─── Exercise materials
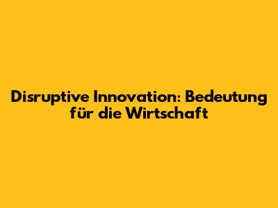 Disruptive Innovation: Bedeutung Für Die Wirtschaft
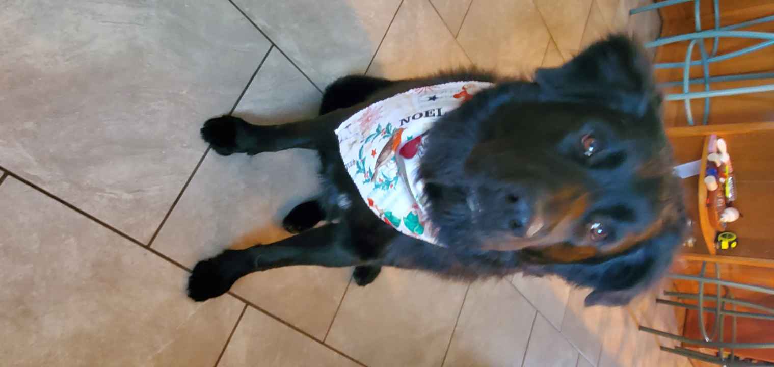Christmas Bandana and red color. Rabies tag. Very friendly
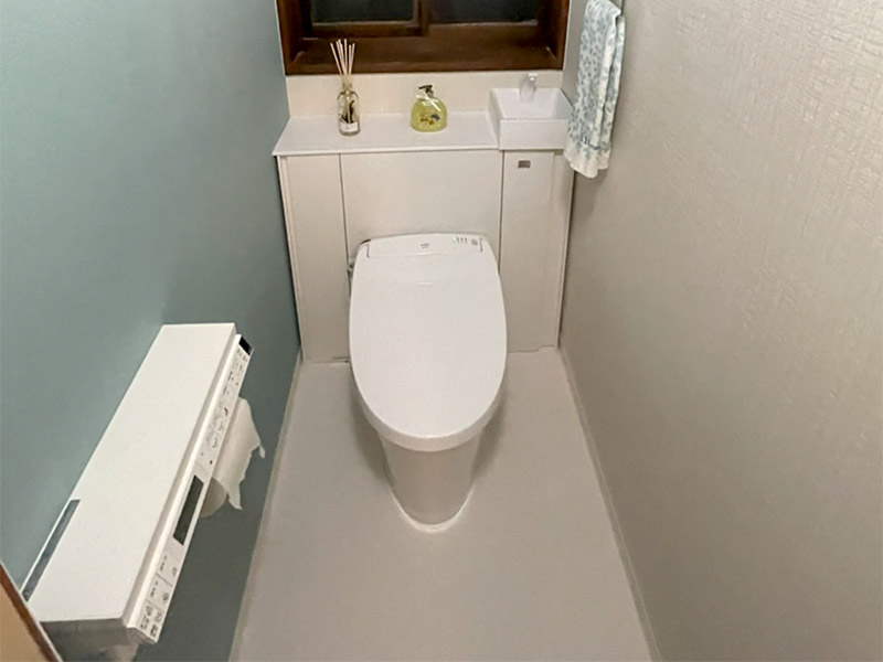 トイレ空間が綺麗になるように提案させていただきました。一面に貼ったアクセントクロスもオシャレに仕上がり、トイレ本体はキャビネット付きトイレのリフォレをご提案させていただきました。
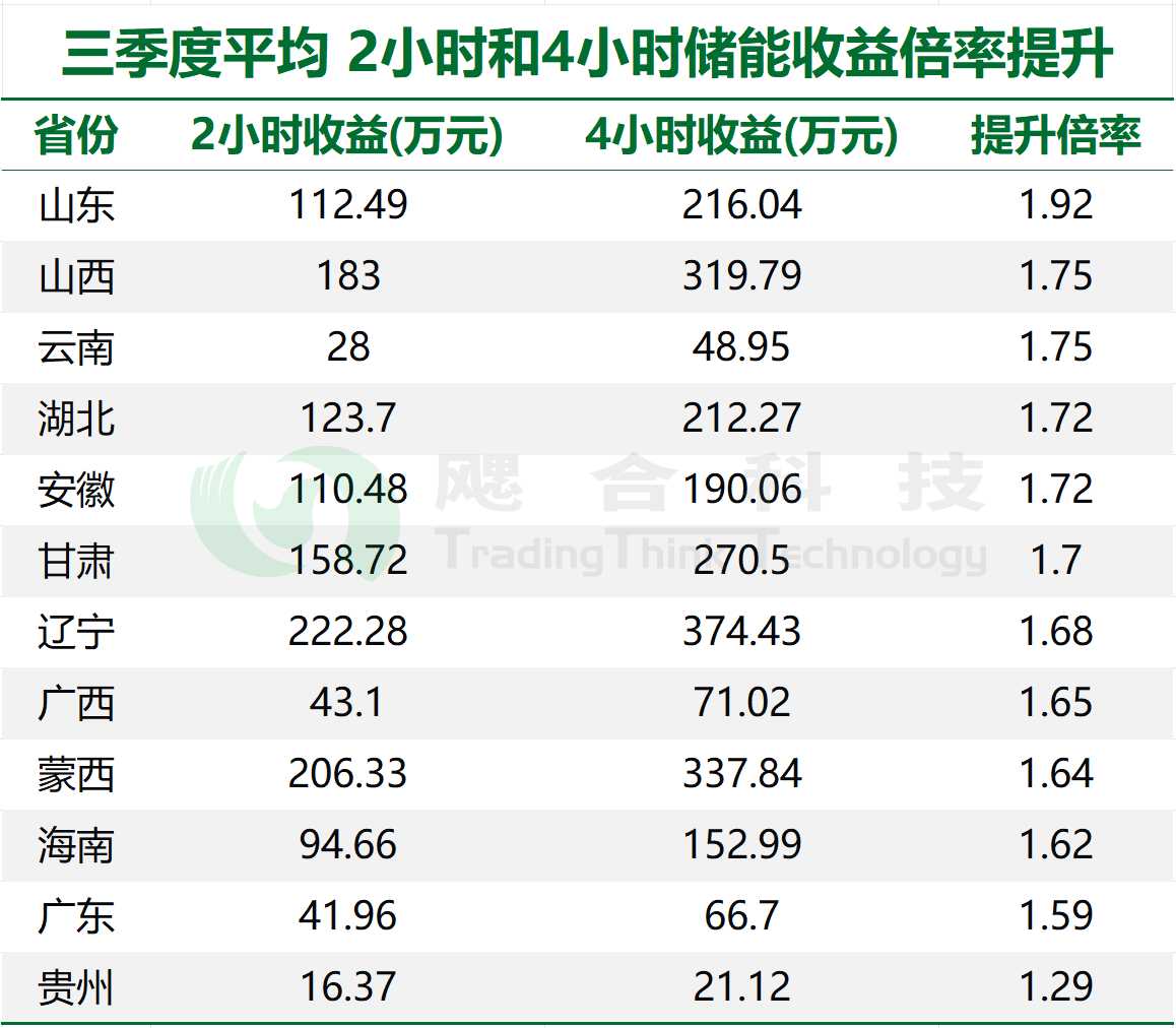 表9:2小時與4小時儲能系統(tǒng),三季度平均收益倍率提升
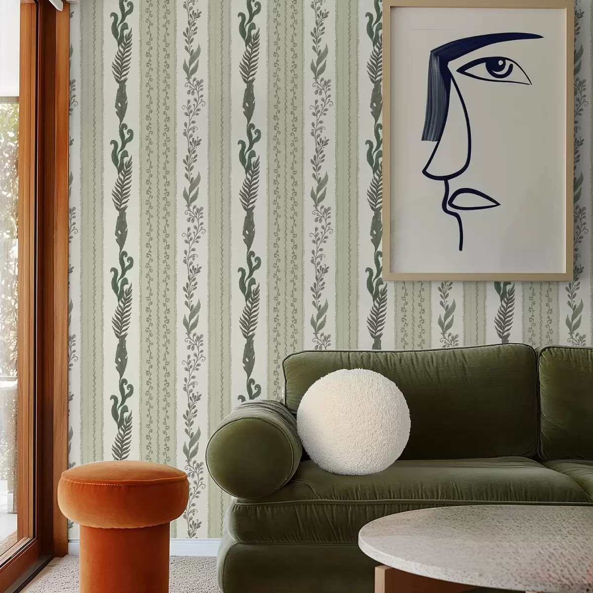 Tapeta Пруге са гранама у зеленим и сивим нијансама, меки контраст бр. a00824
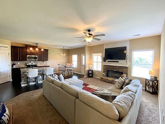 Welcome home to this beautiful 2 story craftsman style home built in 2017 and gently used. 4 bedrooms & 2.5 baths with Ownerâs Suite on the main. 9â smooth ceilings on the main floor. Foyer entrance has hardwood floors, access to the guest half bath and stairs have wrought iron balusters. Family room has a view of the kitchen with a wood burning stone fireplace & access to a covered back patio. The entertainerâs kitchen is open styled with hardwood floors, granite countertops, tiled backsplash, pantry, stainless steel appliances, eat-in area and island with bar seating. The Ownerâs Suite and bathroom are on the main. Ownerâs bath has tiled floors, an extended tiled shower, linen closet, toilet room, double vanity with granite countertop and walk-in closet. Full sized laundry room on the main with tiled floor. Upstairs - 3 sizable secondary bedrooms & secondary bathroom with tiled floors and granite countertop. Exterior - the covered front door entry has an area for seating. Covered back patio for entertaining with tv hookup that overlooks the mostly level backyard. Cement siding & 2 car garage. Serviced by Jackson County Schools, Gum Springs Elementary, West Jackson Middle & Jackson High. Neighborhood has street lights, underground utilities & sidewalks.
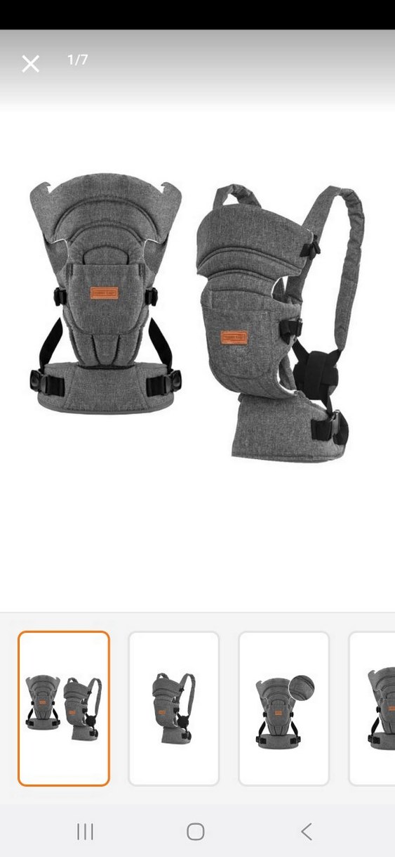 Ayarlanabilir tokalar ve destekli bel kemeri ile konforlu gri bebek taşıyıcı kanguru. Bebek için güvenli tutuş sağlar.
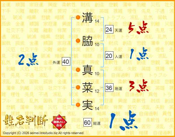溝脇真菜実さんの天運は24画の5点!
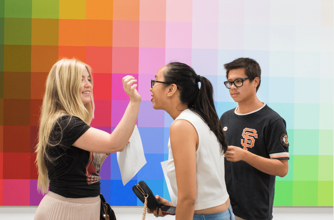 Visitors experiencing Sillage, an olfactory artwork by Brian Goeltzenleuchter in Santa Monica.
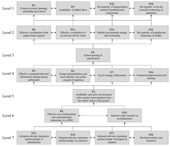 Several studies [3,10,11,12,13,14,15,16,17,18] identified the factors related to OSC success in a variety of ways, such as to provide the underlying information needed to establish strategies for the successful implementation of OSC projects. However, the relationship and hierarchy of interactions between the identified factors are yet to be determined. In response, this study aims to establish the interrelationship among OSC success factors identified in the existing research literature and to propose a structural model for success factors. Furthermore, it discusses the managerial implications based on the proposed structural model.
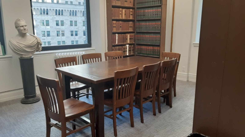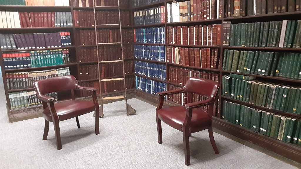 New paint and rugs, improved lighting and a completely new pantry area give us a whole new look. We’ve also gotten some snazzy entry way furniture (matching black leather chairs and couch), created a swing space office for visiting scholars and a conference area in our reading room, and — near & dear to the heart of every M.L.S. graduate — we got our microfiche, foreign collections and superseded statutes in a more logical order. As every librarian know — collections tend to grow == and then wander!!
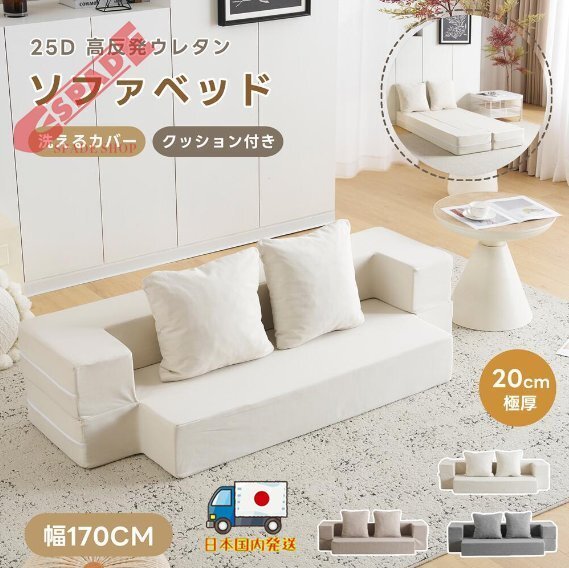 - 【国内発送】2人掛けソファベッド 組立て不要 フロアソファ コンパクト ローソファ こたつ用 ソファーマルチに使える クッション付き座椅子
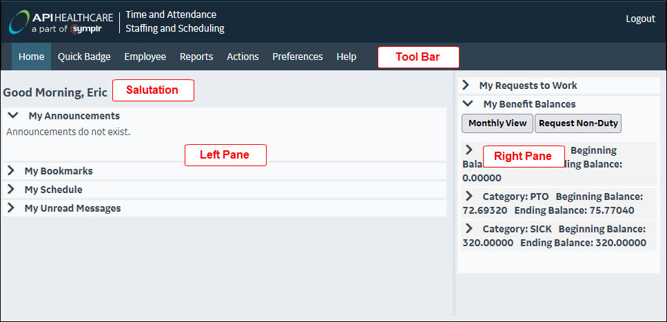 The salutation welcomes you to the application. The name displayed in the salutation can be changed in the Preferred Name field found in . |
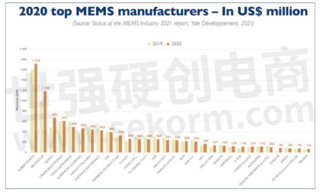 在全球17家主流MEMS芯片代工廠,除了寶島臺灣的臺積電、世界先進、聯(lián)電等傳統(tǒng)代工廠,中國本土只有賽微電子收購的位于海外瑞典的Silex入榜,再無其他本土MEMS代工廠入圍,可見中國大陸本土傳感器芯片產(chǎn)業(yè)對全球供應鏈影響力幾乎為0。
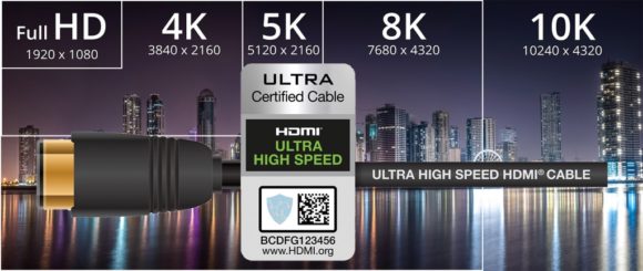 Für 8K mit 7.680 × 4.320 Pixel bzw. 10K mit 10.240 × 4.320 Pixel ist die Übertragung mittels „Ultra High Speed HDMI Cable“ vorgesehen. Nur mit diesem streng spezifizierten Kabel kann die Unterstützung aller HDMI 2.1-Funktionen gewährleistet werden. Die Datenrate des HDMI-Kabels beträgt dabei bis zu 48 Gbps.
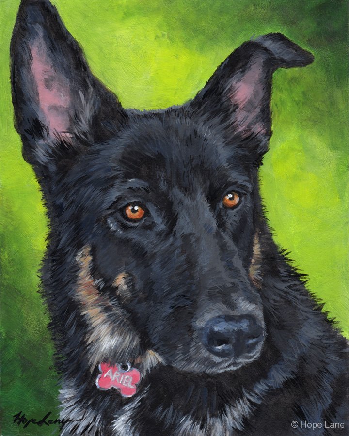 Ariel, German Shepherd custom pet portrait by Hope Lane
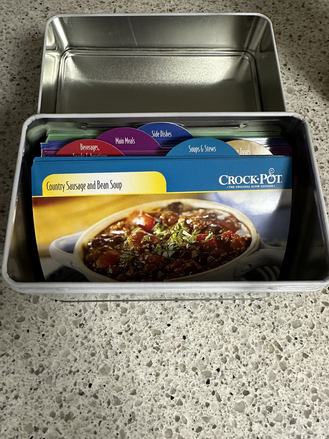 Crock pot with the recipe card collection
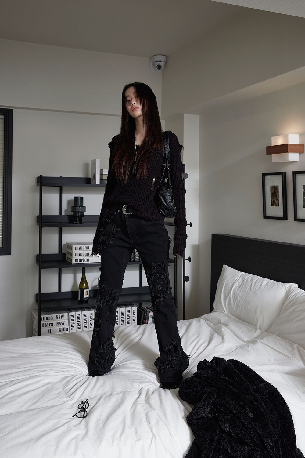 −M (ウエスト81 ヒップ91 股上25.5 股下82 もも周り42 裾周り48 総丈107.5)
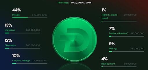 At its core, $TAP is structured with clear tokenomics, including 124% APY for staking and a buyback and burn system designed to reduce supply.
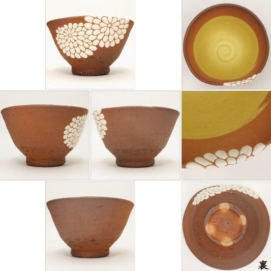 【茶器/茶道具 抹茶茶碗】 菊茶碗 前に面あり 通次阿山作
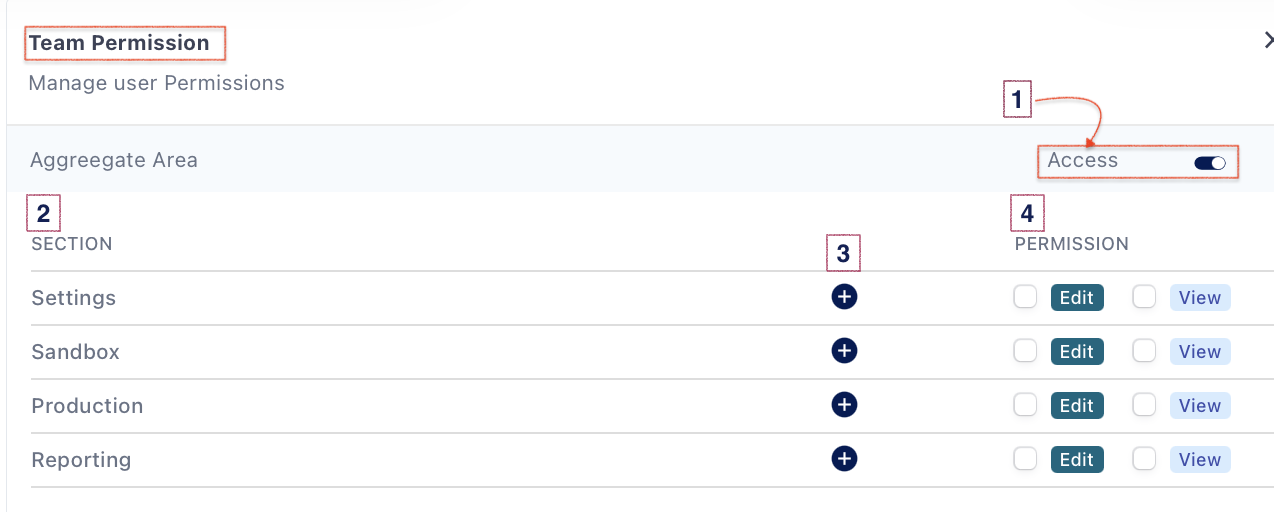 | Permission | Manage detailed access by product area and section (e.g. View/Edit rights) |
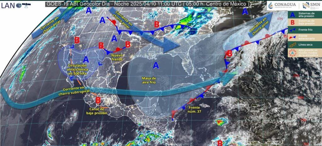 Asimismo, el SMN de la Conagua señaló que continuará el ambiente caluroso a muy caluroso, durante el día, en el noroeste y occidente de México, así como escaso potencial de lluvia en gran parte del territorio nacional.
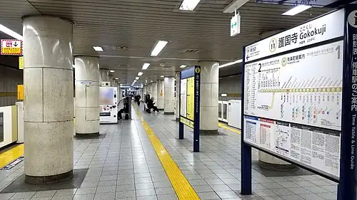 Gokokuji Station (護国寺駅, Gokokuji-eki) is a subway station in Bunkyō, Tokyo, Japan, operated by Tokyo Metro. Its station number is Y-11. The station is named after a nearby Buddhist temple of the same name.
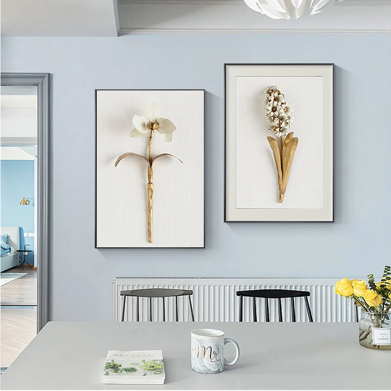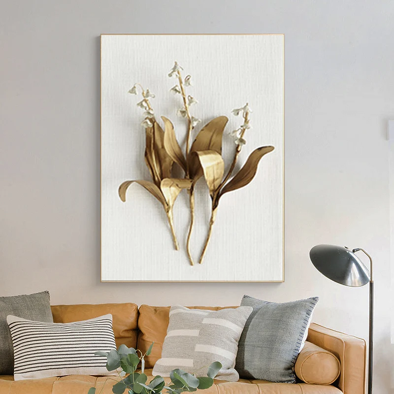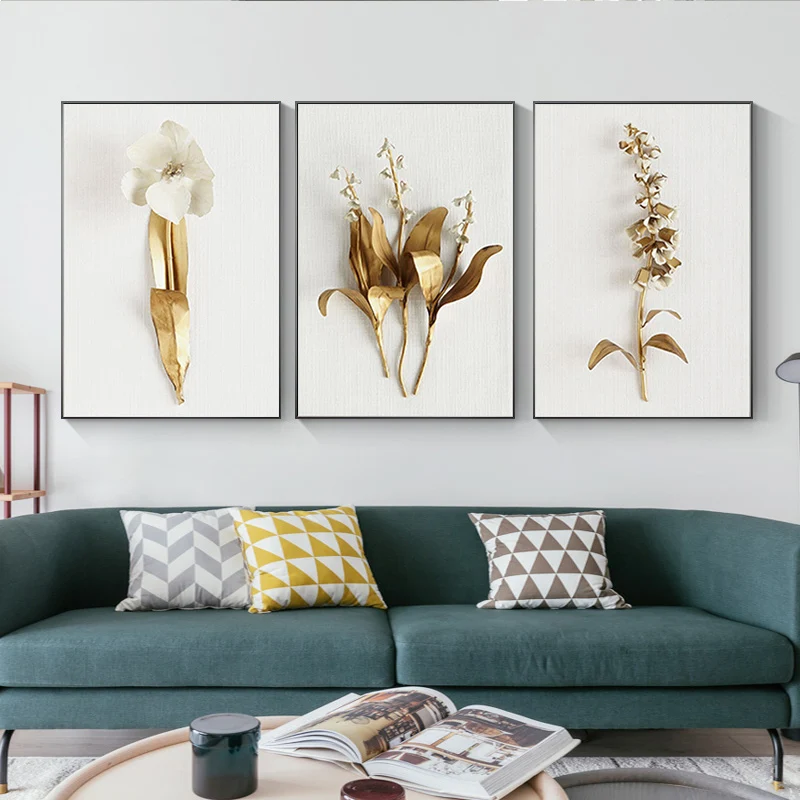 Картина на холсте с золотыми листьями и цветами, абстрактные постеры и скандинавские принты, Настенная картина для гостиной, домашний декор
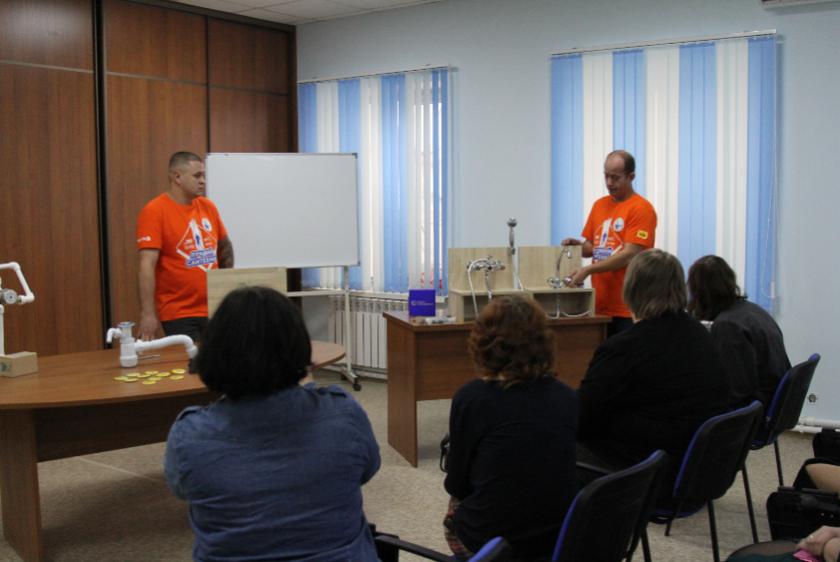 Максим Купрюхин и Вячеслав Арцышевский показали возможные поломки в смесителях, рассказали о необходимых инструментах и расходных материалах, подробно объяснили процесс разборки оборудования, замены деталей и сборки. Желающие могли попробовать самим разобрать и собрать краны.
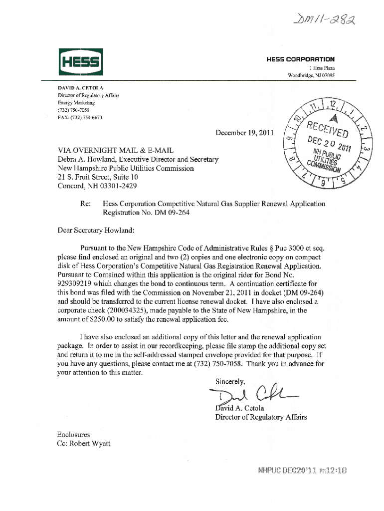 LESS CORPORATION Woodbridge, NJ 07095DAVID A. CET OLA Director of Regulatory Affairs Energy Marketing (732) 7507058 FAX: (732) 7506670December 19, 2011 VIA OVERNIGHT MAIL & EMAIL Debra A. Howland,
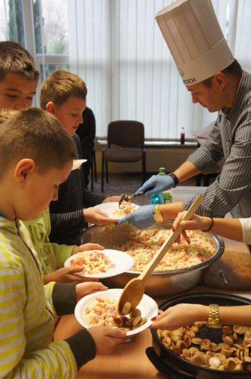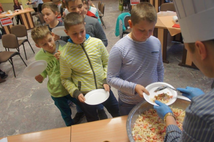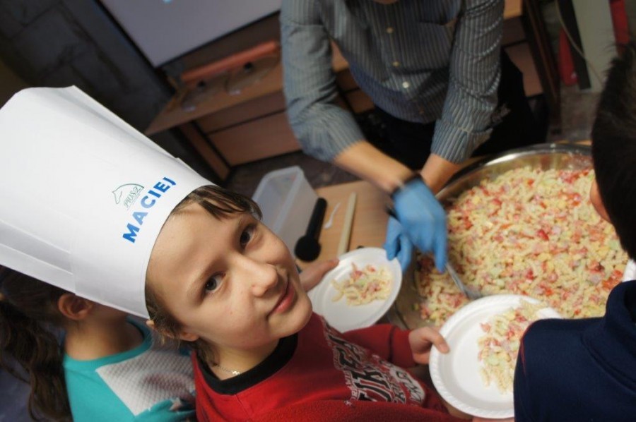 Na zakończenie uczestnicy Kochakademie z czystym sumieniem po dobrze wykonanej pracy i, oczywiście, z czystymi rękoma, mogli spróbować swojej sałatki. ‒ Taka zrobiona przez siebie jest najlepsza ‒ zapewniali zadowoleni.
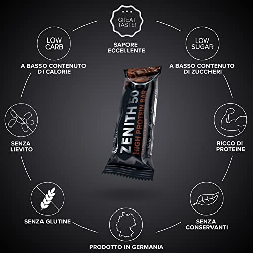 IronMaxx Zenith 50 XL barretta ad alto contenuto proteico - cioccolato 12 x 100g | 50% di proteine | basso contenuto di carboidrati, a basso contenuto di zucchero con aminoacidi importanti
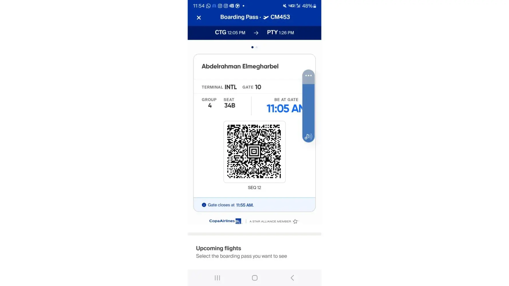 Misleading information. Boarding pass and email say that gate closes at 11:55 am. We arrive at the gate 11:40 and they said it is already closed.
──────
* [Exercise prompt]: Would you restate, exactly and with no pictures, the lines of the entries above from the one containing "View/Edit rights) |" through the one containing "Na zakończenie uczestnicy"?

* [Exercise solution]:
 | Permission | Manage detailed access by product area and section (e.g. View/Edit rights) |
 Asimismo, el SMN de la Conagua señaló que continuará el ambiente caluroso a muy caluroso, durante el día, en el noroeste y occidente de México, así como escaso potencial de lluvia en gran parte del territorio nacional.
 Gokokuji Station (護国寺駅, Gokokuji-eki) is a subway station in Bunkyō, Tokyo, Japan, operated by Tokyo Metro. Its station number is Y-11. The station is named after a nearby Buddhist temple of the same name.
 Картина на холсте с золотыми листьями и цветами, абстрактные постеры и скандинавские принты, Настенная картина для гостиной, домашний декор
 Максим Купрюхин и Вячеслав Арцышевский показали возможные поломки в смесителях, рассказали о необходимых инструментах и расходных материалах, подробно объяснили процесс разборки оборудования, замены деталей и сборки. Желающие могли попробовать самим разобрать и собрать краны.
 LESS CORPORATION Woodbridge, NJ 07095DAVID A. CET OLA Director of Regulatory Affairs Energy Marketing (732) 7507058 FAX: (732) 7506670December 19, 2011 VIA OVERNIGHT MAIL & EMAIL Debra A. Howland,
 Na zakończenie uczestnicy Kochakademie z czystym sumieniem po dobrze wykonanej pracy i, oczywiście, z czystymi rękoma, mogli spróbować swojej sałatki. ‒ Taka zrobiona przez siebie jest najlepsza ‒ zapewniali zadowoleni.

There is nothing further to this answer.